Third Party Code: Should CIO's FREAK Out About a Broken HeartBleed?
While it was once understood that any project had to make decisions and tradeoffs, the proverbial “Better, Faster, Cheaper” was always understood that you can only pick any two. Now customers are demanding all three; doing more with less is the new normal for every part of a company not just software development. In order to meet demand, many developers are increasingly turning to established third-party libraries to speed the development process over creating an in-house solution from the ground up. Commercial and open source libraries are often used to help achieve the idealistic balance between the three proverbial options.
The days of a vendor shipping only their own code are also largely over. To save time, adopt open standards, and deliver feature-rich applications, companies rely on third-party software libraries that essentially plug-in to their own. In some cases, that one piece of software can have upward of 100 libraries bundled within. Tens of thousands of lines of code, written by someone outside of the organization, is likely part of that solution you purchased last week.
While this approach increases the speed of development, the belief that libraries are well tested and securely written is in question. Even companies that employ a security development lifecycle (SDL) may not apply those standards to third-party code. It’s important that a CIO understands there is burden to evaluate the security of the wide selection of libraries available, and also that security rarely factors into decisions for inclusion. Software development is focused on integrating the libraries and delivering a working product, not tracking the vulnerabilities associated with each one used within their products.
Prior to Heartbleed, perhaps the most well publicized vulnerability, many organizations were not aware of third-party libraries. Many CIO’s had their eyes opened when they realized the vulnerability potentially impacted thousands of vendors and countless servers on the Internet were vulnerable. Further, many thought that the only companies impacted were ones that were trying to cut corners, and that a mature organization wouldn’t ever use something like OpenSSL, where the vulnerability originated from. But that’s not reality, as many major vendors rely on OpenSSL and were impacted.
As software becomes more interconnected, the potential systemic risk becomes more apparent. One vulnerability can impact many organizations (think Hurricane; one event that causes issues for thousands). When doing further analysis, the very real result is that third-party libraries have the ability to spread a single vulnerability across multiple products, exposing enterprises and requiring vendors and IT organizations to patch the same vulnerability repeatedly.
A CIO needs to ensure that all third party code usage is first identified, and then make sure that their security department is tasked with conducting evaluations and specifically tracking issues in those libraries.
Understanding which products use third-party libraries is required before development or security teams can focus on securing them. Unfortunately, generating the list of libraries used cannot be reliably done with a vulnerability scan. While some libraries can be identified as part of a normal network or application discovery process, in most cases libraries are embedded in a codebase and will not be externally visible. Organizations can either decide to collect this information manually or to make an investment into purchasing a software product that assists with this task. There are several solutions on the market that focus on inventorying all third-party libraries in your applications. While it’s not required to purchase software, it’s important to know that if you request developers to report library usage, it may be prone to omissions and outdated information. Finally, it’s important to remember that usage of third party code can have serious legal consequences if not managed properly for an organization in terms of licensing. Your legal department has the same goals as the security department in terms of identifying all libraries in use and should be involved in this process.

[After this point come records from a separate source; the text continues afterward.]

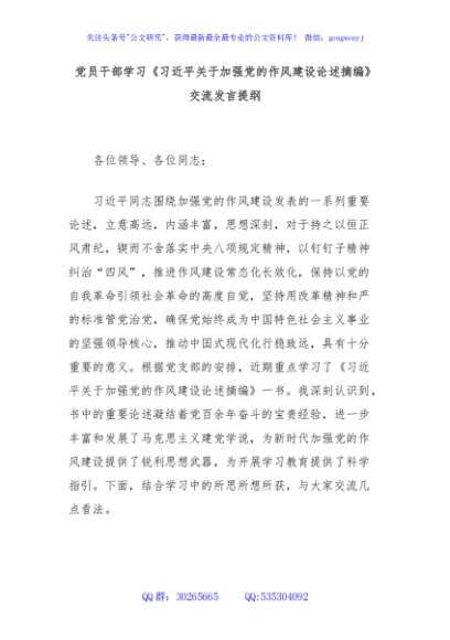 党员干部学习《习近平关于加强党的作风建设论述摘编》交流发言提纲
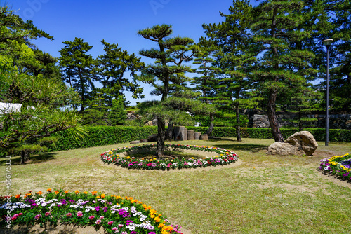 Obraz premium 花いっぱのまちづくり 春の高松城玉藻公園(香川県高松市)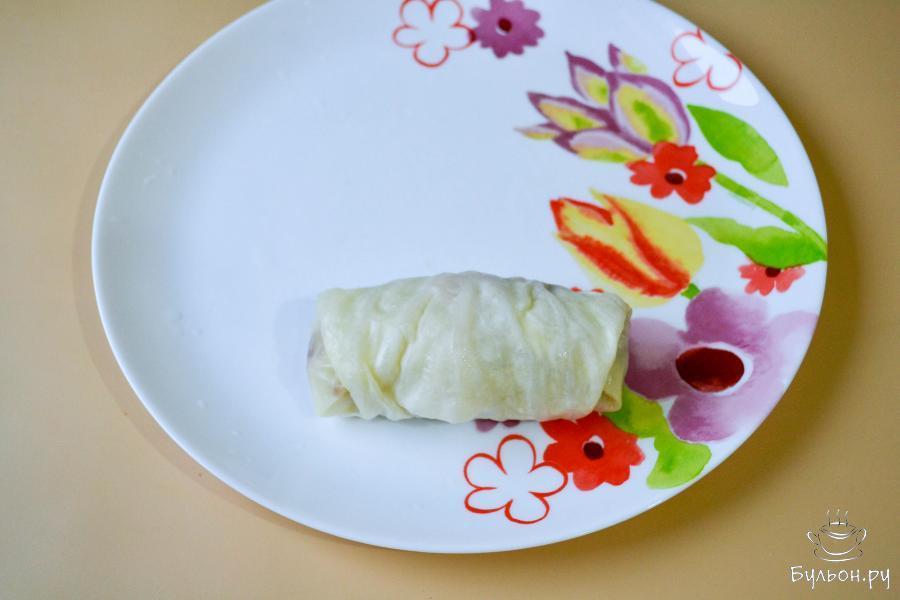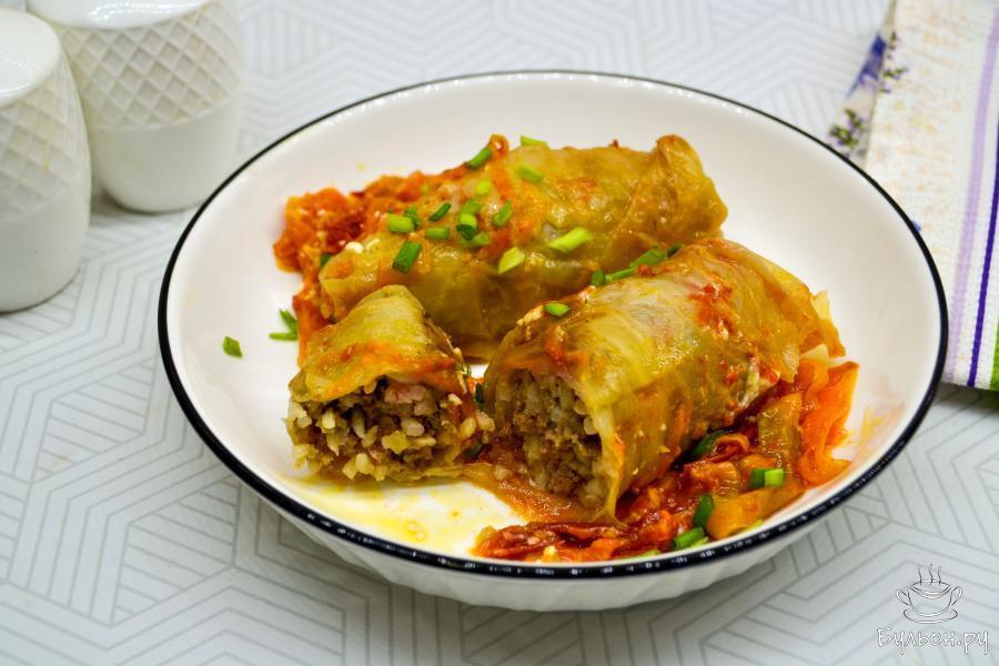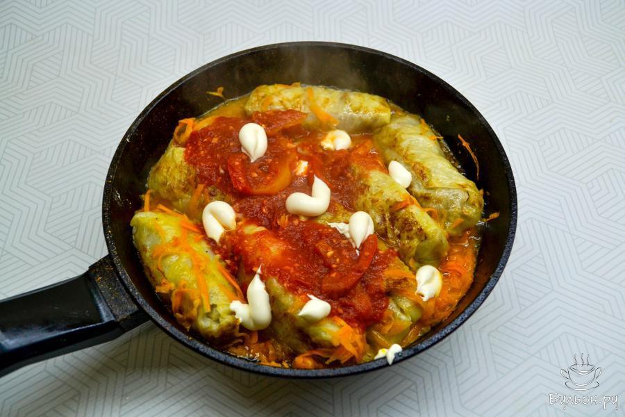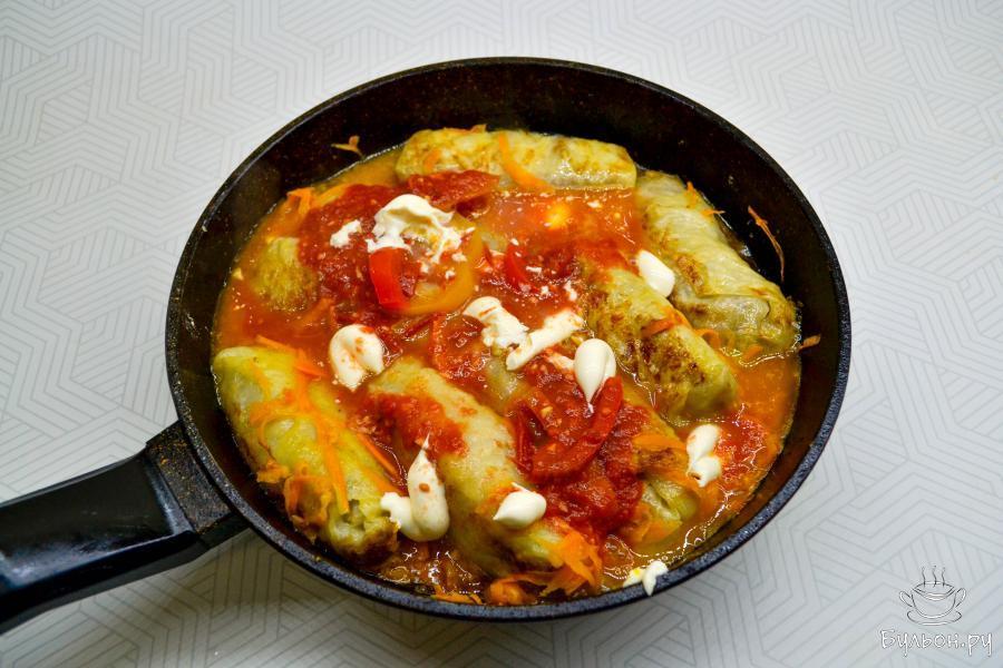 14. Затем уменьшите огонь и тушите голубцы до полной готовности примерно 45-50 минут. Если голубцы были заморожены, то время тушения увеличьте на 5-8 минут.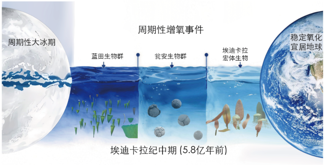 图3. 地球系统碳-氧-磷-铀(C-O-P-U)耦合系统状态示意图。 重塑生命-环境协同演化认知该模拟研究首次为早期复杂生命的“爆发式”出现提供了动态环境背景框架。模型显示的三次氧气脉冲高峰期,在时间上与全球最早一批复杂多细胞生物群(如中国的“蓝田生物群”、“瓮安生物群”等)的繁盛期高度吻合。这表明,是地球系统自身的周期性振荡,而非缓慢的线性增氧,为生命复杂化创造了关键的“机会窗口”(图4)。 “这项研究从根本上改变了我们的视角。”陈中强教授指出,“地球从长期缺氧向富氧状态的过渡,并非平静的‘渐变’,而是必然要经历一个充满剧烈波动的‘动荡青春期’。数值模拟帮助我们捕捉到了这一系统转换期的本质规律。” 方法学与学科意义深远此前,该团队《自然·通讯》上发布了自主研发的“自持振荡”数值模型框架(Li et al., 2025),本次研究成功将该模型应用于更古老的地质历史事件解析,并取得了实证支持和延续性突破,展现了数值模拟在深时地球科学研究中的强大能力。

While the exact number is unknown, there are believed to be many thousands of libraries currently being used in enterprises around the world. It’s important for organizations to have the ability to evaluate libraries prior to being implemented in a product. While there are a lot of advantages, there’s a clear cost of ownership associated when an organization decides to use a library. Organizations must make sure it’s clearly known the number of historic and current vulnerabilities in their libraries, along with the time the vendors take to solve issues, which allows you to make the best decision on which libraries pose the most risk. Furthermore, it can be a huge security risk if the library has been declared End-of-Life, with public yet unfixed vulnerabilities present.
For companies already integrating third-party libraries, it’s critical to monitor each library to ensure that newly disclosed vulnerabilities are addressed, either by the library vendor or your own development team that may have to provide a one-off patched version in your products. Companies that want to monitor libraries must understand and prepare for the overhead associated with this task, given the sheer number of vendors, products, and information sources that must be tracked.
The importance of understanding third-party library usage and the potential security issues can’t be overstated. There have been numerous examples where vulnerabilities identified in one product ended up being the result of a bundled library. Having knowledge of these issues not only lets your company be more proactive with security, it allows you to be in a place to have a robust incident response plan for critical vulnerability disclosures that impact your organization.